VENTUREPORT Data Processing Agreement
This Data Processing Agreement (“DPA”) is entered into between:
- You (“Controller”); and Fleet St. Technologies AB, reg. no. 559205-2699, Malmskillnadsgatan 32, 111 51 Stockholm, Sweden, a company registered under the laws of Sweden (“Processor”).
- Each of Controller and Processor are referred to as a “Party” and jointly as the “Parties”.
- The Parties have entered into the Ventureport terms of service (“Agreement”), where Controller has contracted Processor in order to use Ventureport (“Service”), which forms the subject matter of the processing of personal data under this Agreement.

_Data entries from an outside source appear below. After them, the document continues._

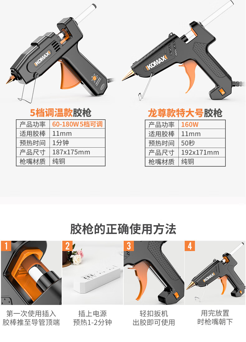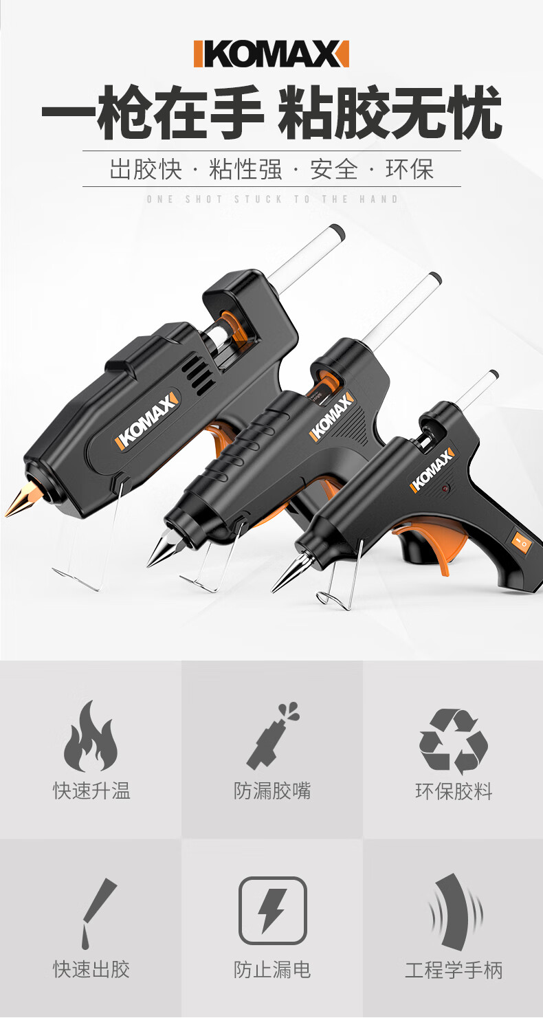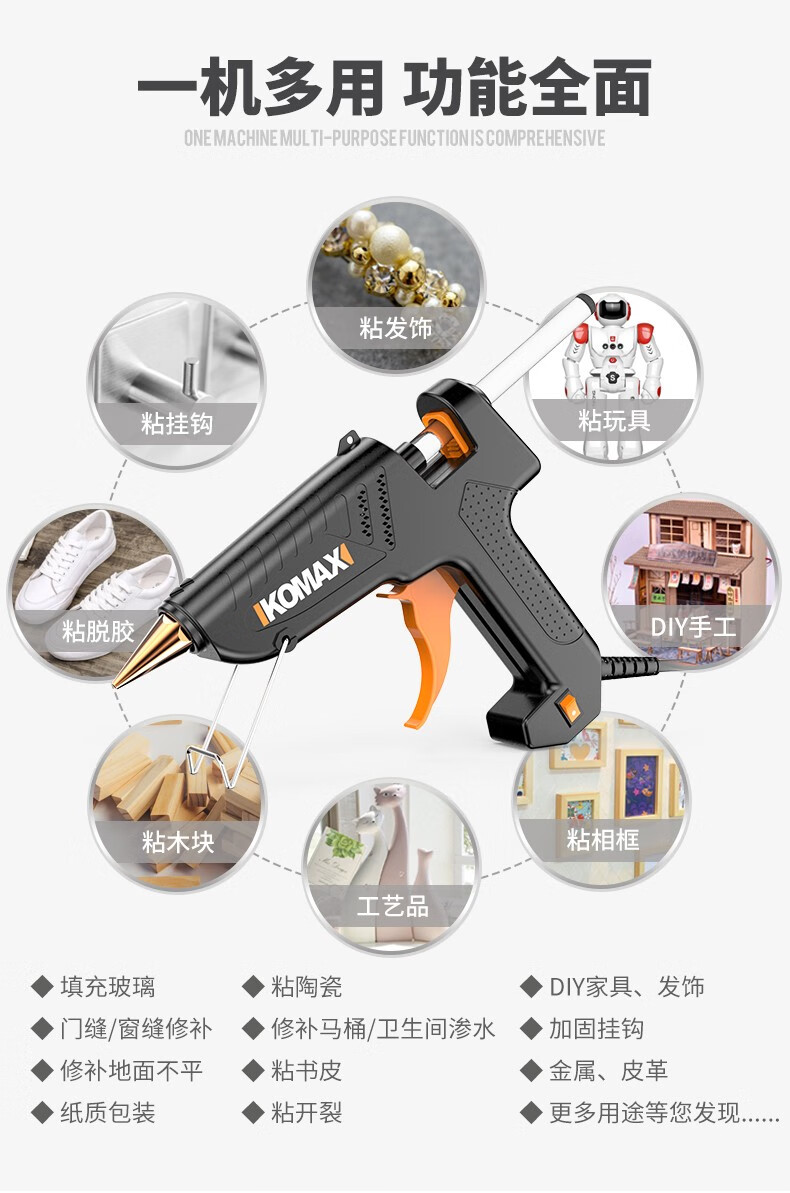 Komax hot melt glue gun, electric melt glue gun, glass glue gun, handmade household bonding artifact, high-viscosity strong glue stick, hot melt glue stick, anti-scalding glue nozzle, flagship large glue gun + 30 glue sticks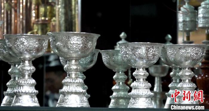 圖為扎西吉彩匠人打制的純銀酥油燈。貢桑拉姆 攝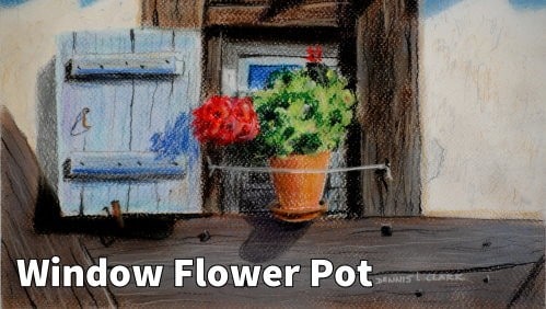 Celebrate rustic charm and creative composition in this warm and textured pastel class. In “Geraniums on a Window Sill,” we focus on an unusual and character-filled scene featuring a quaint pot of flowers framed by weathered wood and sun-washed walls.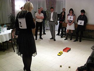 Nun näherte sich der Abend seinem Höhepunkt, der Tombola. In der ersten Ausscheidungsrunde wurde die Losnummerngruppe ausgespielt. Hierbei mußten die vier ausgewählten Teilnehmerinnen mit einem ferngesteuerten Lotus Esprit - Modell schnellst möglich einen Parcour durchfahren und rückwärts in die "Box" einparken.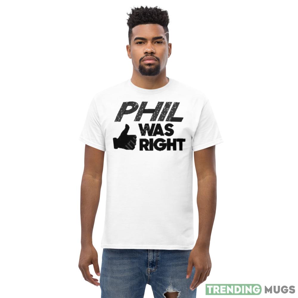 The My Take Merch Phil Was Right White Shirt is a must-have for any fashion-forward individual who wants to make a statement. This trendy shirt features a clean white color that can be paired with a variety of outfits, making it perfect for both casual and formal occasions. The unique design of the shirt showcases the message “Phil Was Right,” making it a great conversation starter and a perfect addition to your wardrobe. Made from high-quality materials, this shirt is both comfortable and durable, ensuring that you’ll be able to wear it for years to come. Whether you’re heading out for a night on the town or just running errands, the My Take Merch Phil Was Right White Shirt is the perfect choice for anyone who wants to stand out from the crowd. So why wait? Add this amazing shirt to your collection today and make a statement that nobody can ignore!

- Terms such as “personal data”, “processing” and “data subject” and other expressions not defined in this DPA shall have the same meaning as set out in in the Regulation of the European Parliament and of the Council of 27 April 2016 on the protection of natural persons with regard to the processing of personal data and on the free movement of such data, and repealing Directive 95/46/EC ("GDPR"), as may be amended, updated, replaced or superseded from time to time, if not expressly stated otherwise.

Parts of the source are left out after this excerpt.